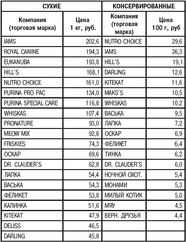 По данным опроса посетителей выставки ЗООСФЕРА-2004 (Санкт-Петербург) самыми популярными торговыми марками оказались Whiskas, KiteKat, Hill’s, Pronature, Royal Canin, Iam’s и Dr. Clauder’s.
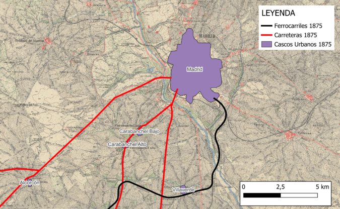 En el plano de 1875 que se muestra a continuación se observa cómo los principales núcleos urbanos eran Carabanchel Bajo, Carabanchel Alto, Villaverde, Alcorcón, y otros municipios que, por aquel entonces, eran localidades independientes, desconectadas funcionalmente del casco urbano de Madrid. Estos núcleos contaban con una economía predominantemente agrícola y una trama urbana concentrada y reducida.
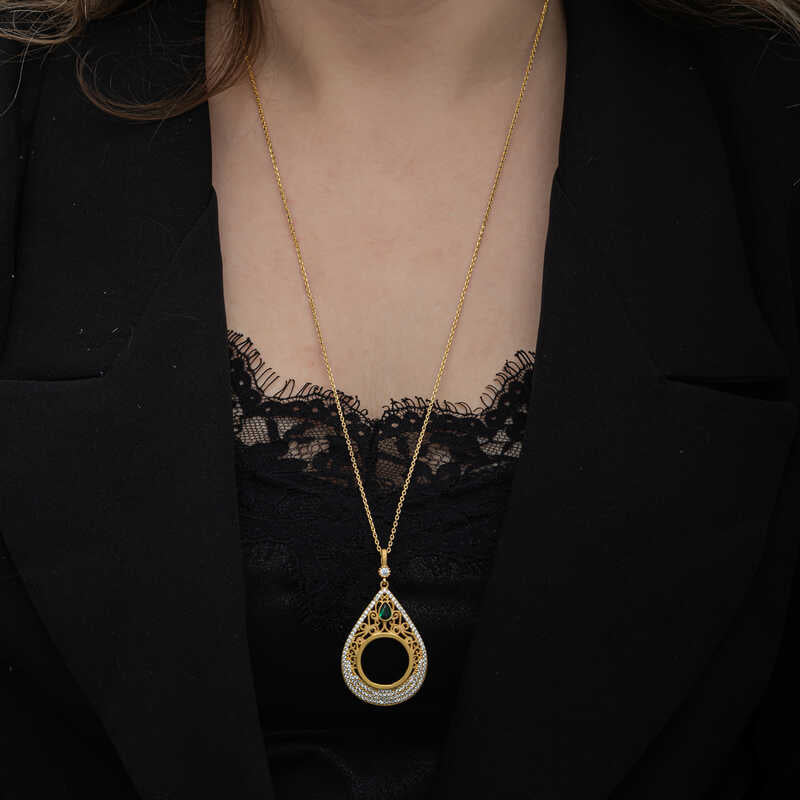Let your love come to life on the skin of the woman you adore with this gold women's necklace model, featuring a drop form pattern that expresses elegance. Adorn your loved one's neck with love with this women's necklace model, which can also be chosen by young lovers and those who feel young on special days. This women's necklace, which you and your loved ones will enjoy wearing, will be one of the most beautiful gifts for your beloved. This women's necklace model is crafted from 925 sterling silver. It is gold plated over silver. Gold-plated silver women's necklace models maintain their shine for a long time and tarnish is delayed. The white stones on the necklace are zircon. Like all women's necklace models, this silver women's necklace model is handcrafted. Due to silver and precious stones, the stated average product weight may vary by ±10%.
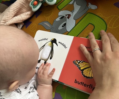 Not too big or too small, this sturdy, padded activity book is just the right size for little hands to hold. There's no need for Mom and Dad to turn the pages. Babies and toddlers can turn the tough board pages themselves, which helps to develop their fine motor skills while building an early language foundation.
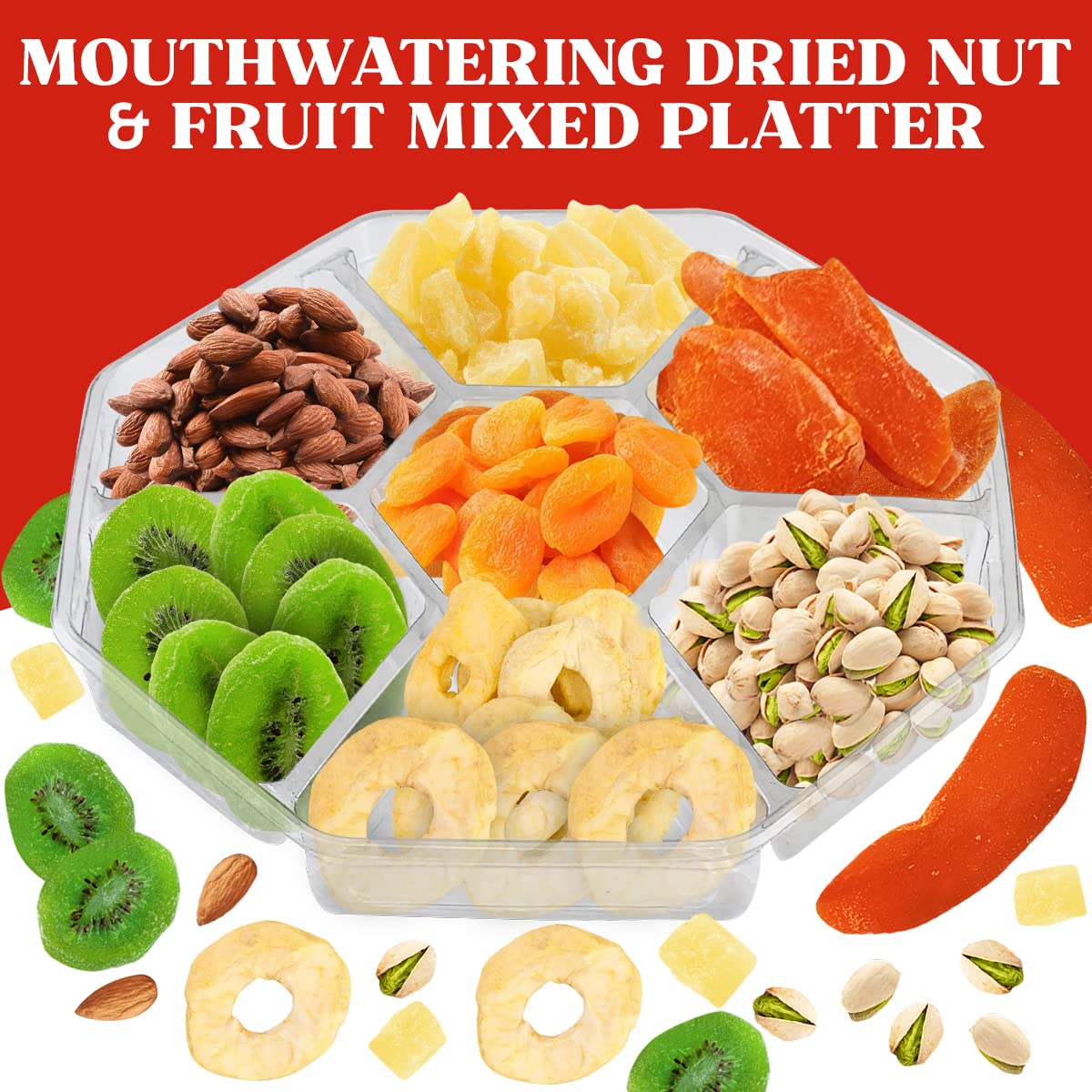• A Versatile Snack: Perfect for road trips, office breaks, or school lunches, this dried fruit and nut platter is highly portable and ready to serve. It can make a perfect snack for family gatherings or you can delight your loved ones at a movie night.
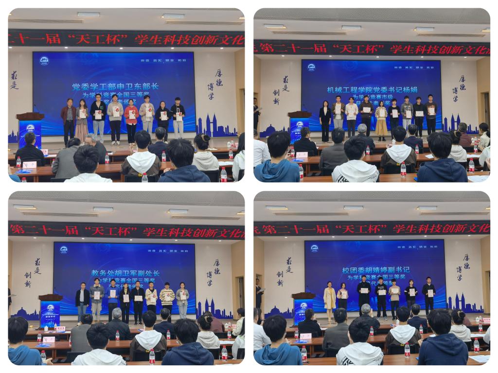学校校长孙芳城教授讲话,他指出,学生科技创新文化活动月搭建了一个很好的竞技和教育的平台,培育出了一大批国赛、省赛获奖作品和选手,以及学生科技团队,在提升同学们创新意识和工程素养上,起到了很好的促进作用。他讲到,在科技发展的大环境下,机械工程学科和技术的重要性、机械工程人才培养的重要性以及实践和创新的重要性,都是学校着重关注的地方。在如今人工智能、数字孪生、智能制造等技术的支持下,机械工程的内涵在不断的拓展和丰富。他相信同学们在面向学科前沿、新的工程领域和重要工程需求时,定会潜心学习和研究,苦练本领,在机械工程科学和技术的发展道路上取得新的突破。
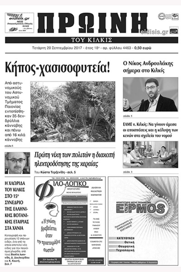 Πέντε χρόνια πριν. Διαβάστε τι έγραφε η καθημερινή εφημερίδα ΠΡΩΙΝΗ του Κιλκίς (20-9-2017)
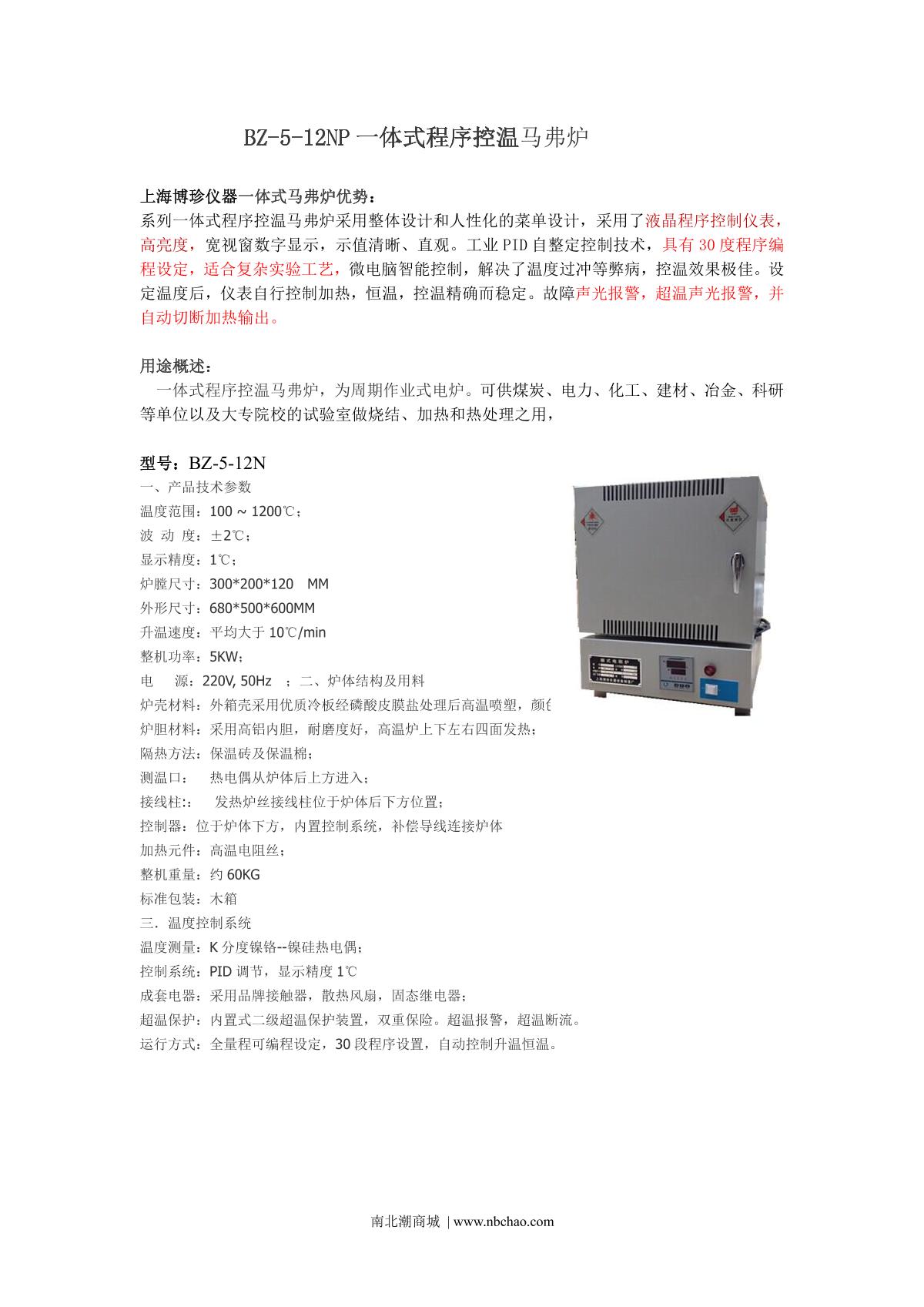 BoZhen BZ-5-12P Program temperature control muffle furnace brochure
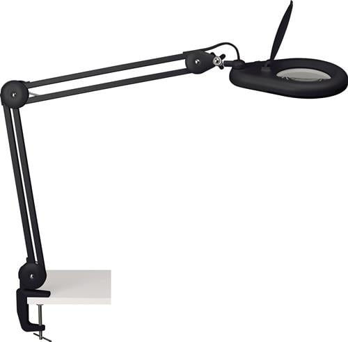 Metall robuster Metallarm drehbar, neigbar runder Kopf Glaslinse 127 mm (5″) mit Abdeckung 3 Dioptrien mit 56 SMD LED`s tageslichtweiß (6.500 Kelvin) gewichteter Energieverbrauch 8 kWh/1000 h Betriebsspannung 220-240 V Lieferung inkl. Leuchtmittel (56 SMD-LED`s) diese Leuchte enthält eingebaute LED-Lampen die Lampen können nicht ausgetauscht werden Tischklemme - Armlänge unten/oben 410 mm - Höhe 410 mm - höhenverstellbar bis max. 750 mm Standfuß - Armlänge unten/oben 310 mm - Höhe 400 mm - höhenverstellbar bis max. 660 mm Ausführung: Standfuß Farbe: schwarz Ausstattung: mit Abdeckung, runder Kopf Energieeffizienzklasse: A++ bis E Vergrößerung: 3 Dioptrien Durchmesser: 127 mm (5 ″) mm Linse: Glaslinse
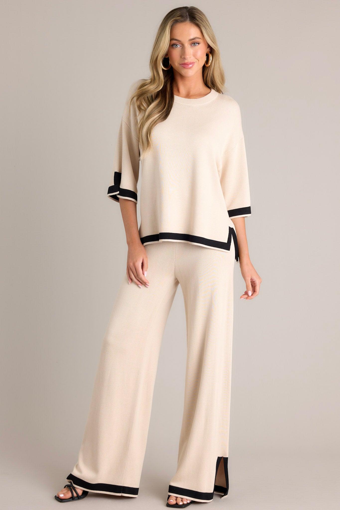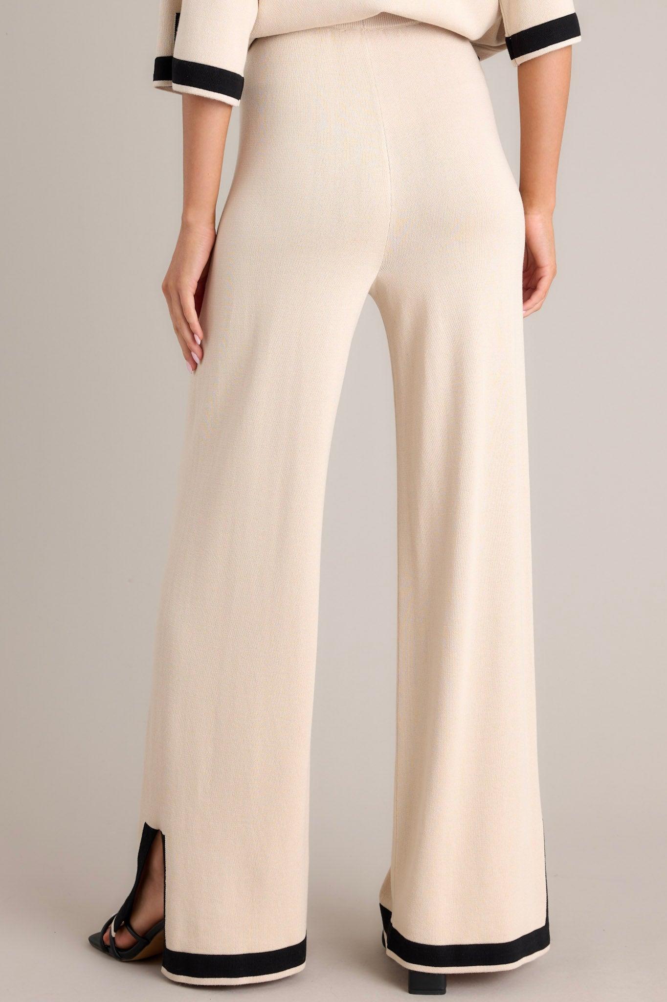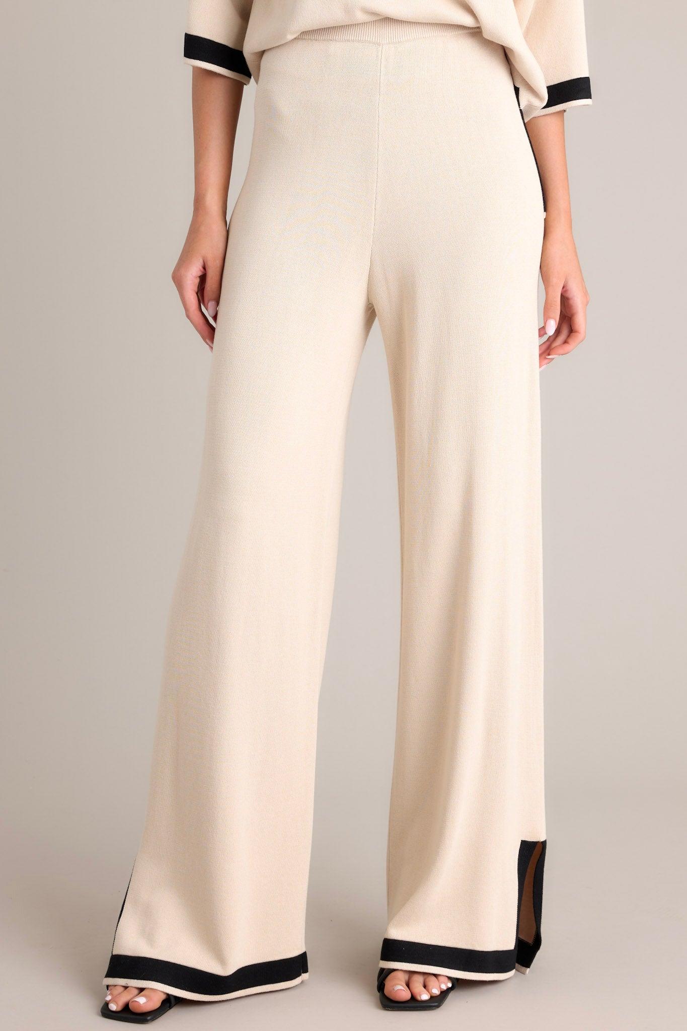 Introducing the Bold Symphony Beige Pants! These stylish and versatile pants are sure to make a statement. Made with high-quality materials, they provide both comfort and durability. Elevate your wardrobe with these pants that perfectly balance fashion and function. These beige sweater pants feature a high waisted design, an elastic waistband, a wide leg, and a contrasting split hemline. 100% Viscose Unlined Hand Wash Cold Manufactured in China Designed in the USA Model is wearing a size small

┄┄┄┄┄┄┄┄┄┄┄┄┄┄┄┄┄┄┄┄

▶ _EXERCISE DETAILS_
Copy all the records above exactly, but leave out the pictures.

▶ _ANSWER BOX_
 По данным опроса посетителей выставки ЗООСФЕРА-2004 (Санкт-Петербург) самыми популярными торговыми марками оказались Whiskas, KiteKat, Hill’s, Pronature, Royal Canin, Iam’s и Dr. Clauder’s.
 En el plano de 1875 que se muestra a continuación se observa cómo los principales núcleos urbanos eran Carabanchel Bajo, Carabanchel Alto, Villaverde, Alcorcón, y otros municipios que, por aquel entonces, eran localidades independientes, desconectadas funcionalmente del casco urbano de Madrid. Estos núcleos contaban con una economía predominantemente agrícola y una trama urbana concentrada y reducida.
Let your love come to life on the skin of the woman you adore with this gold women's necklace model, featuring a drop form pattern that expresses elegance. Adorn your loved one's neck with love with this women's necklace model, which can also be chosen by young lovers and those who feel young on special days. This women's necklace, which you and your loved ones will enjoy wearing, will be one of the most beautiful gifts for your beloved. This women's necklace model is crafted from 925 sterling silver. It is gold plated over silver. Gold-plated silver women's necklace models maintain their shine for a long time and tarnish is delayed. The white stones on the necklace are zircon. Like all women's necklace models, this silver women's necklace model is handcrafted. Due to silver and precious stones, the stated average product weight may vary by ±10%.
 Not too big or too small, this sturdy, padded activity book is just the right size for little hands to hold. There's no need for Mom and Dad to turn the pages. Babies and toddlers can turn the tough board pages themselves, which helps to develop their fine motor skills while building an early language foundation.
• A Versatile Snack: Perfect for road trips, office breaks, or school lunches, this dried fruit and nut platter is highly portable and ready to serve. It can make a perfect snack for family gatherings or you can delight your loved ones at a movie night.
学校校长孙芳城教授讲话,他指出,学生科技创新文化活动月搭建了一个很好的竞技和教育的平台,培育出了一大批国赛、省赛获奖作品和选手,以及学生科技团队,在提升同学们创新意识和工程素养上,起到了很好的促进作用。他讲到,在科技发展的大环境下,机械工程学科和技术的重要性、机械工程人才培养的重要性以及实践和创新的重要性,都是学校着重关注的地方。在如今人工智能、数字孪生、智能制造等技术的支持下,机械工程的内涵在不断的拓展和丰富。他相信同学们在面向学科前沿、新的工程领域和重要工程需求时,定会潜心学习和研究,苦练本领,在机械工程科学和技术的发展道路上取得新的突破。
 Πέντε χρόνια πριν. Διαβάστε τι έγραφε η καθημερινή εφημερίδα ΠΡΩΙΝΗ του Κιλκίς (20-9-2017)
 BoZhen BZ-5-12P Program temperature control muffle furnace brochure
 Metall robuster Metallarm drehbar, neigbar runder Kopf Glaslinse 127 mm (5″) mit Abdeckung 3 Dioptrien mit 56 SMD LED`s tageslichtweiß (6.500 Kelvin) gewichteter Energieverbrauch 8 kWh/1000 h Betriebsspannung 220-240 V Lieferung inkl. Leuchtmittel (56 SMD-LED`s) diese Leuchte enthält eingebaute LED-Lampen die Lampen können nicht ausgetauscht werden Tischklemme - Armlänge unten/oben 410 mm - Höhe 410 mm - höhenverstellbar bis max. 750 mm Standfuß - Armlänge unten/oben 310 mm - Höhe 400 mm - höhenverstellbar bis max. 660 mm Ausführung: Standfuß Farbe: schwarz Ausstattung: mit Abdeckung, runder Kopf Energieeffizienzklasse: A++ bis E Vergrößerung: 3 Dioptrien Durchmesser: 127 mm (5 ″) mm Linse: Glaslinse
 Introducing the Bold Symphony Beige Pants! These stylish and versatile pants are sure to make a statement. Made with high-quality materials, they provide both comfort and durability. Elevate your wardrobe with these pants that perfectly balance fashion and function. These beige sweater pants feature a high waisted design, an elastic waistband, a wide leg, and a contrasting split hemline. 100% Viscose Unlined Hand Wash Cold Manufactured in China Designed in the USA Model is wearing a size small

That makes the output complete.